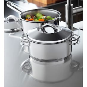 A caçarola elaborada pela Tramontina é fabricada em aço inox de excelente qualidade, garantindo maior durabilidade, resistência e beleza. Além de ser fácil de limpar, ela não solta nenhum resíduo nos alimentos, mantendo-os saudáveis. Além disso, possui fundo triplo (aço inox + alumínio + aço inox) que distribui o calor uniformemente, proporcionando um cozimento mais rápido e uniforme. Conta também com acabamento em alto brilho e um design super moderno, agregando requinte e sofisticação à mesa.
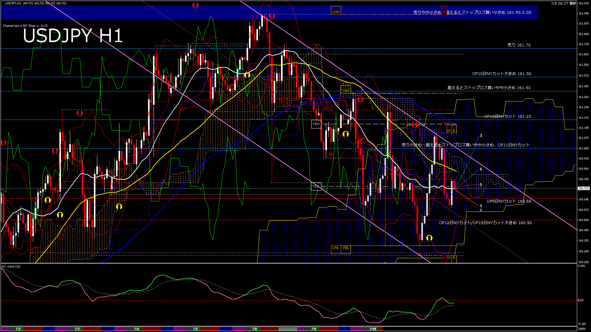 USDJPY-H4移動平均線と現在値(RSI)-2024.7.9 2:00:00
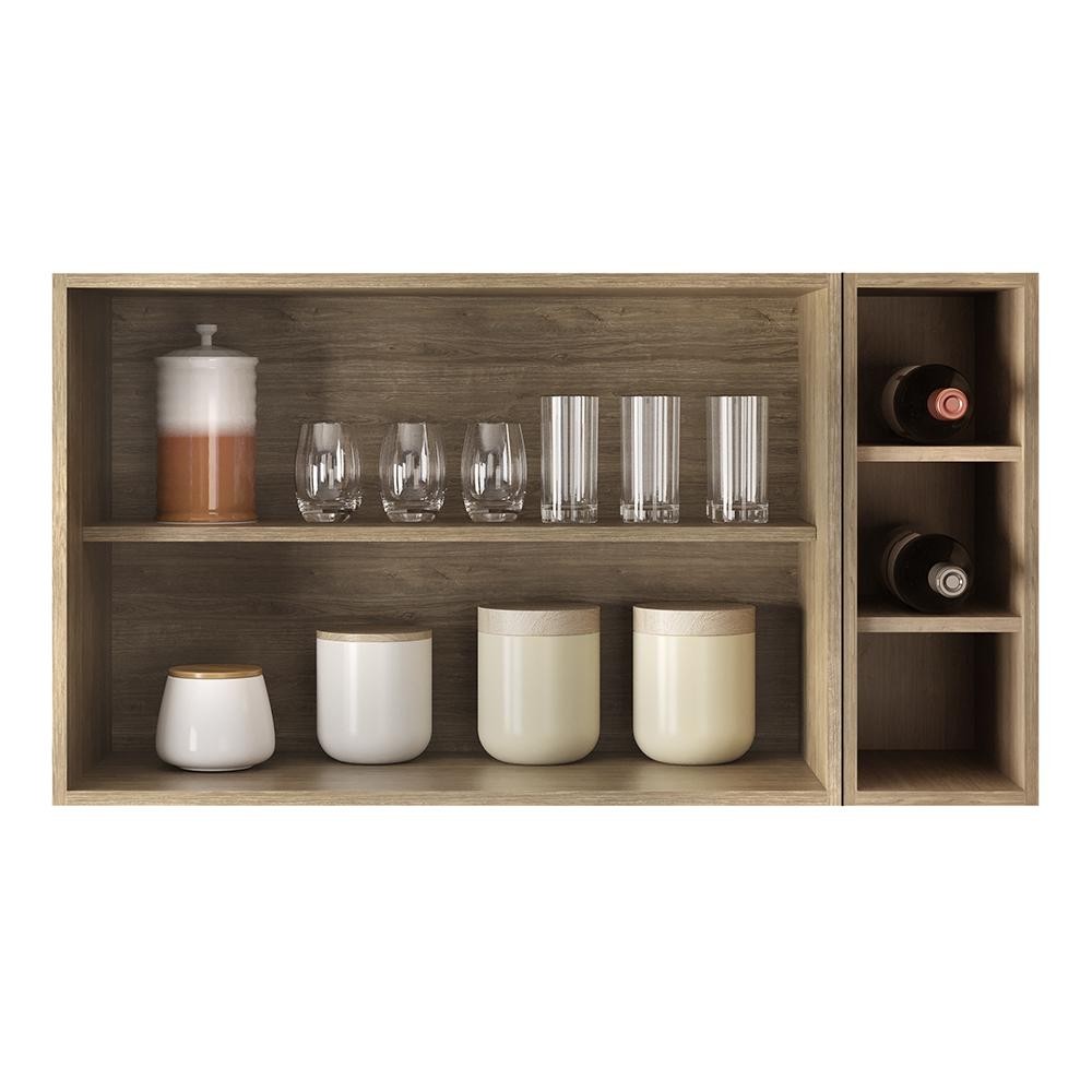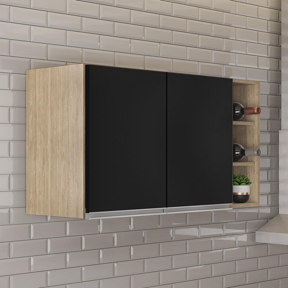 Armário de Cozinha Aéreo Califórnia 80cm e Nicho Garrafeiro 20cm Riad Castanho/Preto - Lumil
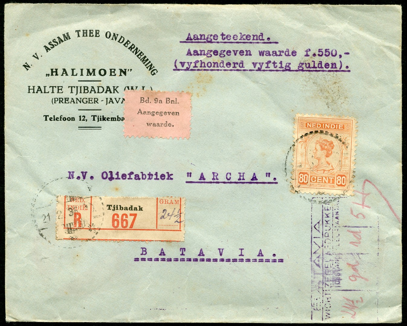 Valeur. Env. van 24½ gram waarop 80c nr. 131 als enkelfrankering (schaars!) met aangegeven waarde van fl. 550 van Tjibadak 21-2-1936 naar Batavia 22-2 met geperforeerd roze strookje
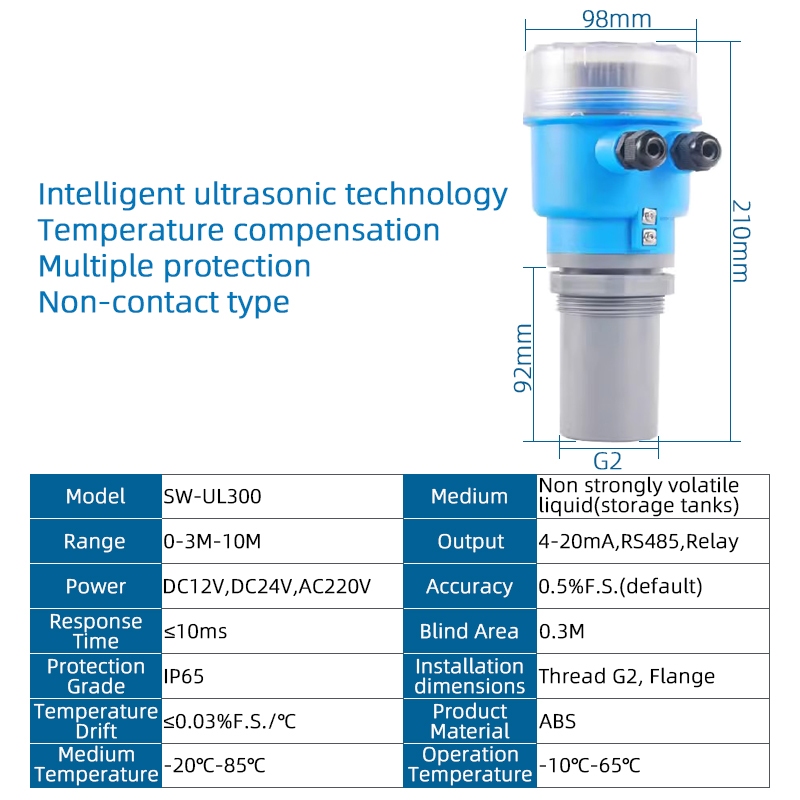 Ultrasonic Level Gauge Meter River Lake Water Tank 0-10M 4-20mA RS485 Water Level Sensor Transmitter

=-=-=-=-=

▸ **ASSIGNED TASK**
Beginning with the line that holds "USDJPY-H4移動平均線", return each line through the end of the records above exactly. Do not include pictures.

▸ **ANSWER SECTION**
 USDJPY-H4移動平均線と現在値(RSI)-2024.7.9 2:00:00
 Armário de Cozinha Aéreo Califórnia 80cm e Nicho Garrafeiro 20cm Riad Castanho/Preto - Lumil
 Valeur. Env. van 24½ gram waarop 80c nr. 131 als enkelfrankering (schaars!) met aangegeven waarde van fl. 550 van Tjibadak 21-2-1936 naar Batavia 22-2 met geperforeerd roze strookje
 Ultrasonic Level Gauge Meter River Lake Water Tank 0-10M 4-20mA RS485 Water Level Sensor Transmitter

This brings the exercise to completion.